I thought I'd start by showing them the basic syntax differences, then move on to the equivalent tools in Python to manipulate and plot arrays (Numpy and Matplotlib). However, at some point I also want to introduce lists, dictionaries, functions, defensive programming, and other key concepts that are often ignored by course that teach scientists how to analyse and plot their data.
Has anyone given, seen or had a course that was aimed at MATLAB users that I could adapt or use as inspiration? Should I treat them like absolute beginners, or can I pitch some of these concepts in terms of their existing experience?
1) Numpy for Matlab Users [1] 2) A Gallery of Interesting Jupyter Notebooks [2] 3) This introduction to Matplotlib that starts with the Matlab-style API and transitions to the object oriented API [3]
[1] https://docs.scipy.org/doc/numpy/user/numpy-for-matlab-users... [2] https://github.com/jupyter/jupyter/wiki/A-gallery-of-interes... [3] https://nbviewer.jupyter.org/github/jrjohansson/scientific-p...
They also probably picked a lot of habits from experience that you have no idea about, and also have specific tools and workflows they use.
The matlab documentation is just extremely good. You can actually get useful and working _examples_ of code just from searching a command name in the help browser.
Python documentation, I have found out, except the scientific stack which is actually pretty good, is lacking. You have a lot of text, and few examples, which are often not the examples you want. Python documentation is also often completely oblivious of the environment where you're using it, especially on windows.
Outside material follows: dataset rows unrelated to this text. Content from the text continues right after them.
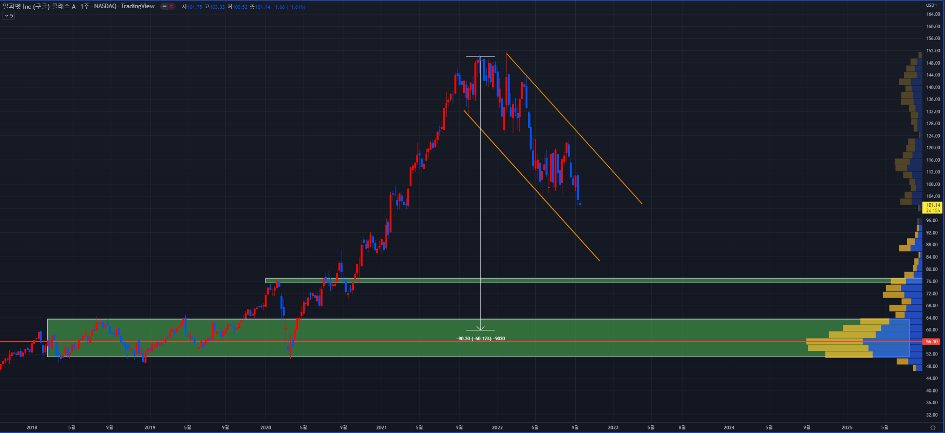 과거 2007년의 고점에서 2008년의 저점까지 -60%하락했던 사실을 현 시점에 대입해본다면 $150달러의 고점에서 -60%하락한다면 $60대에 도달하게 되고 이 영역은 과거 2018~2020년까지 박스권이 형성되어 매물대가 두꺼운 영역입니다.
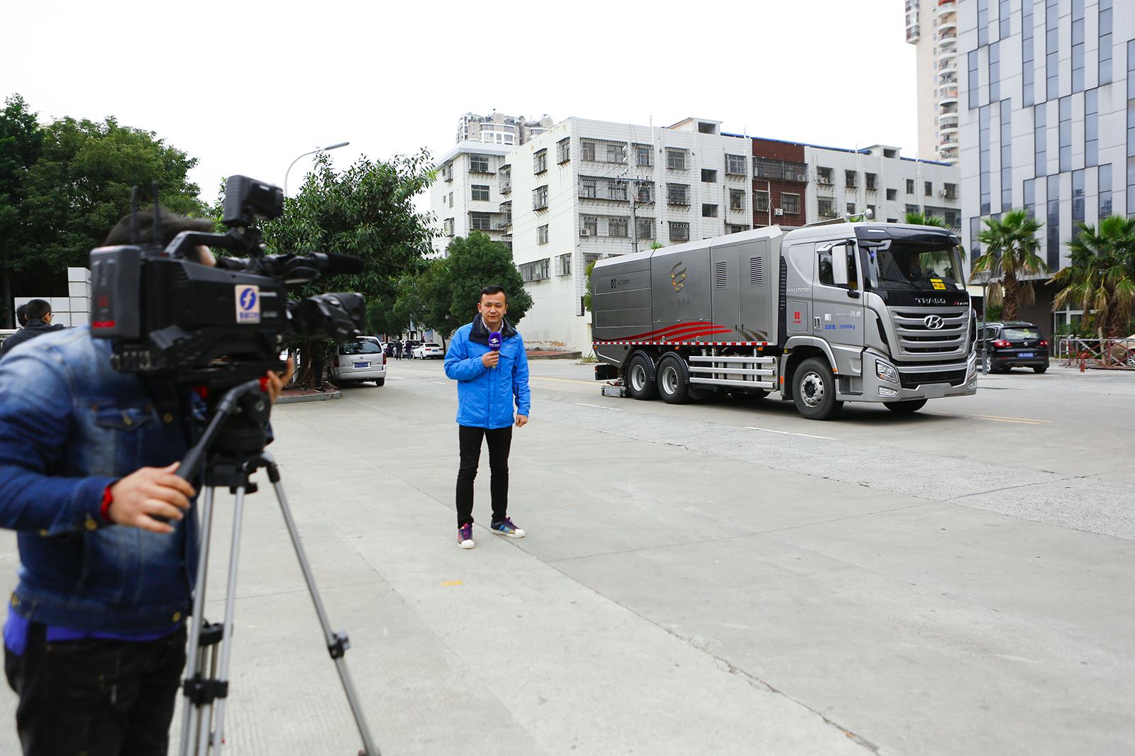 海山機(jī)械研制國內(nèi)首臺污染清除車吸引東南衛(wèi)視采訪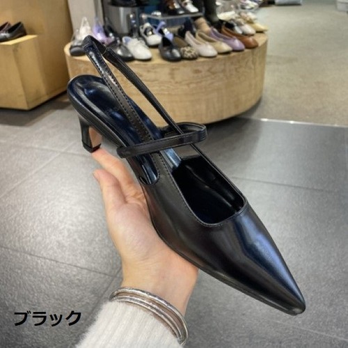 パンプス レディース シューズ ミュール ポインテッドトゥ スリングバック ヒール シンプル 無地 カジュアル お出かけ おしゃれ きれいめ 通勤 オフィス OL 歩きやすい 履きやすい PU 女性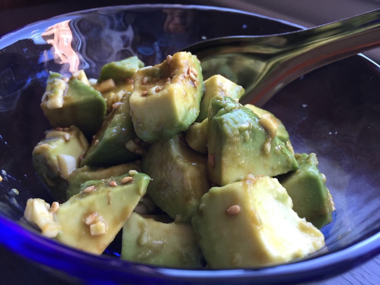 Cut one ripe avocado into bite-sized chunks, then gently toss with about 1 tsp soy sauce, 1 clove minced garlic, and about ½ tsp microplaned ginger. Drizzle with about ½ tsp toasted sesame oil and sprinkle with a tsp of toasted sesame seeds. We served this with cooked rice and roasted seaweed. This recipe is loosely based on: http://allrecipes.com/recipe/102049/asian-avocado/ (Sept. 2016)

So you want to replace matlab, the first thing you have to do is understand the environment and context of what you users want to do, and discover if you can make it "just work".
Like, soem things where in matlab would be a matter of just typing `load` and the name of the file and you magically get a variable with data in the way you already expect, where in python you have to hunt for some package or something specific.
Ask them to demo what they are working on, and see if you can reproduce that in python.
Then you start teaching them "programming".